## Activity
Copy nothing but the lines below, from the one with "レディース 冷感タッチサマーパンツ カジュアル" through the one with "外国语学院2020级翻译专业", exactly as written; no pictures should appear.
==== Records supplied
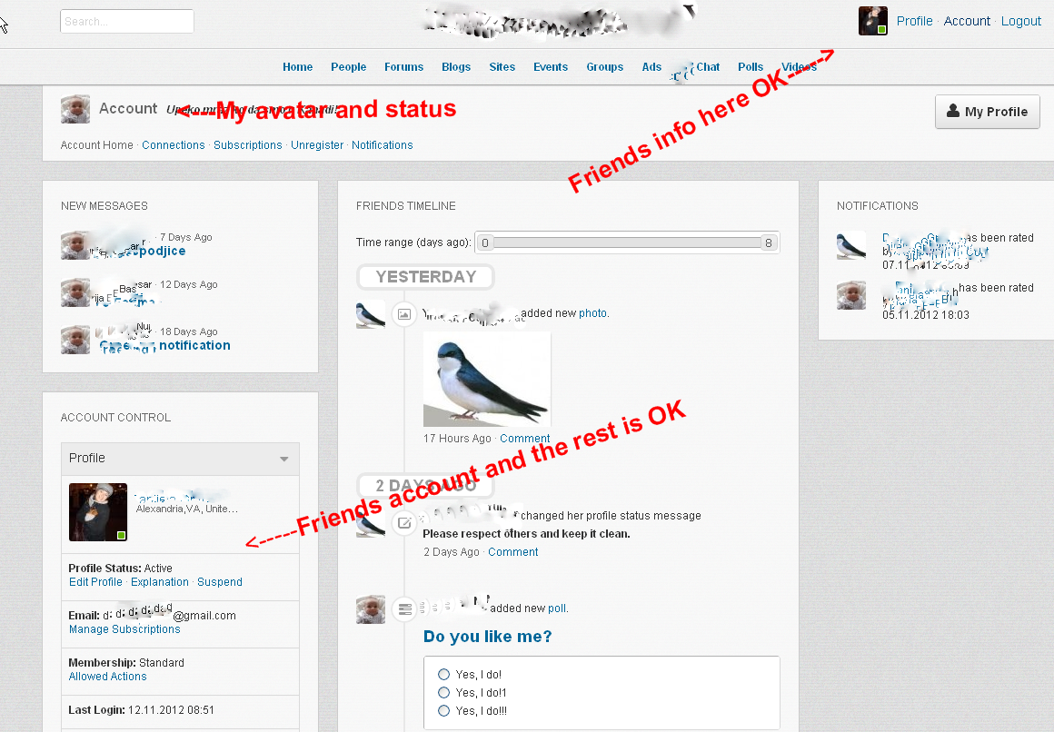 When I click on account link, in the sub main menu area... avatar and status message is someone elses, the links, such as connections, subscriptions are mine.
========
==== Records supplied
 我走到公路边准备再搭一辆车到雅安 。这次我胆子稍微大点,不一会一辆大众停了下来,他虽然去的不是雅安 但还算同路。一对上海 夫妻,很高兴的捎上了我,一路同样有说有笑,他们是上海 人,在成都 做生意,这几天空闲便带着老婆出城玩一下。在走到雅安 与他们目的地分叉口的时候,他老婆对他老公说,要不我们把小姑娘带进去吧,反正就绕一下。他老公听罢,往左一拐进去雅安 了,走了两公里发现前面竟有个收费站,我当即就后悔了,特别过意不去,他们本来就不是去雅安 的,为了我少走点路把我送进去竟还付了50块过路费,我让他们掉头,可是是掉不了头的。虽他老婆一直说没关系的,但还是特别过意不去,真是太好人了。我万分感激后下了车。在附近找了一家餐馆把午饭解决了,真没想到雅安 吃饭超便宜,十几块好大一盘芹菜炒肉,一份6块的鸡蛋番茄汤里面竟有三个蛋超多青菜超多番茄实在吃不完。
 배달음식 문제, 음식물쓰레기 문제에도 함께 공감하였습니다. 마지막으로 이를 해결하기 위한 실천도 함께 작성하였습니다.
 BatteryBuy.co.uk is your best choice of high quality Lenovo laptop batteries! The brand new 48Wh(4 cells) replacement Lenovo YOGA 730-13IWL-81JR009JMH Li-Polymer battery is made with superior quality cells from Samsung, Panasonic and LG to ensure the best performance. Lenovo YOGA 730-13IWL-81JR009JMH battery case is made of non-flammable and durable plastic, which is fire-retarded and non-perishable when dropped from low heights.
========
==== Records supplied
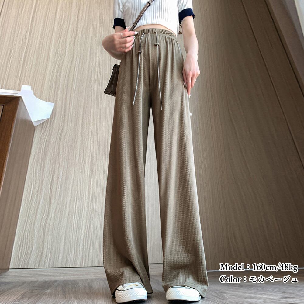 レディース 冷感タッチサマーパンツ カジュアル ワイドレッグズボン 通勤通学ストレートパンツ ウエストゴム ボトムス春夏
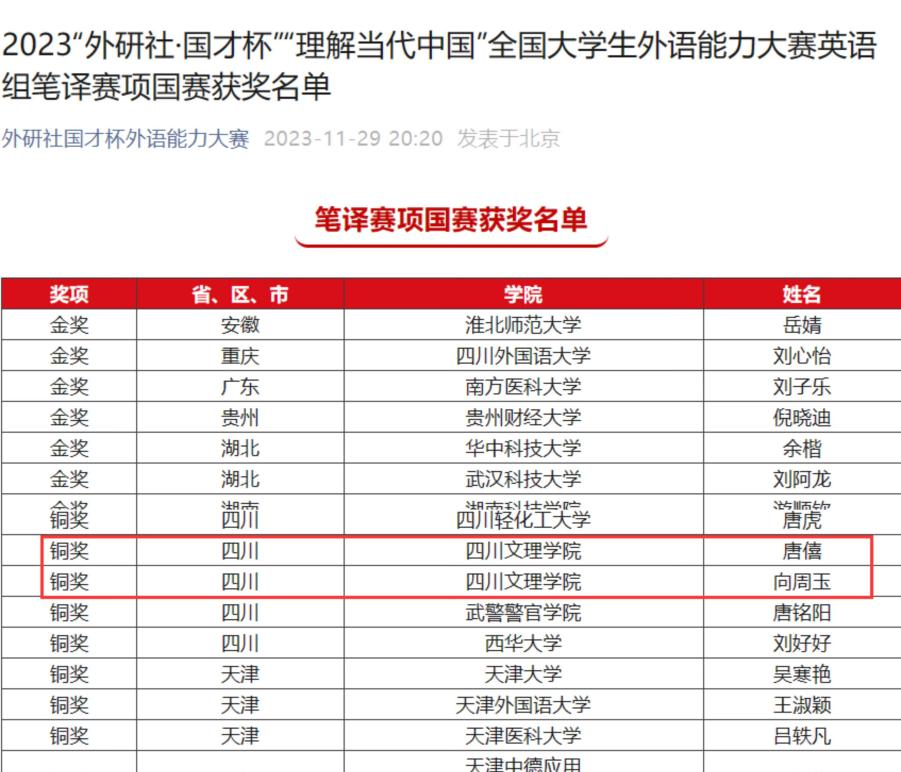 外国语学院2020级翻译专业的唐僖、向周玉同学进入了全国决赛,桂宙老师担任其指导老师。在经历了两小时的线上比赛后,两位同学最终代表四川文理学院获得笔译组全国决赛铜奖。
========
## Expected output
 レディース 冷感タッチサマーパンツ カジュアル ワイドレッグズボン 通勤通学ストレートパンツ ウエストゴム ボトムス春夏
 外国语学院2020级翻译专业的唐僖、向周玉同学进入了全国决赛,桂宙老师担任其指导老师。在经历了两小时的线上比赛后,两位同学最终代表四川文理学院获得笔译组全国决赛铜奖。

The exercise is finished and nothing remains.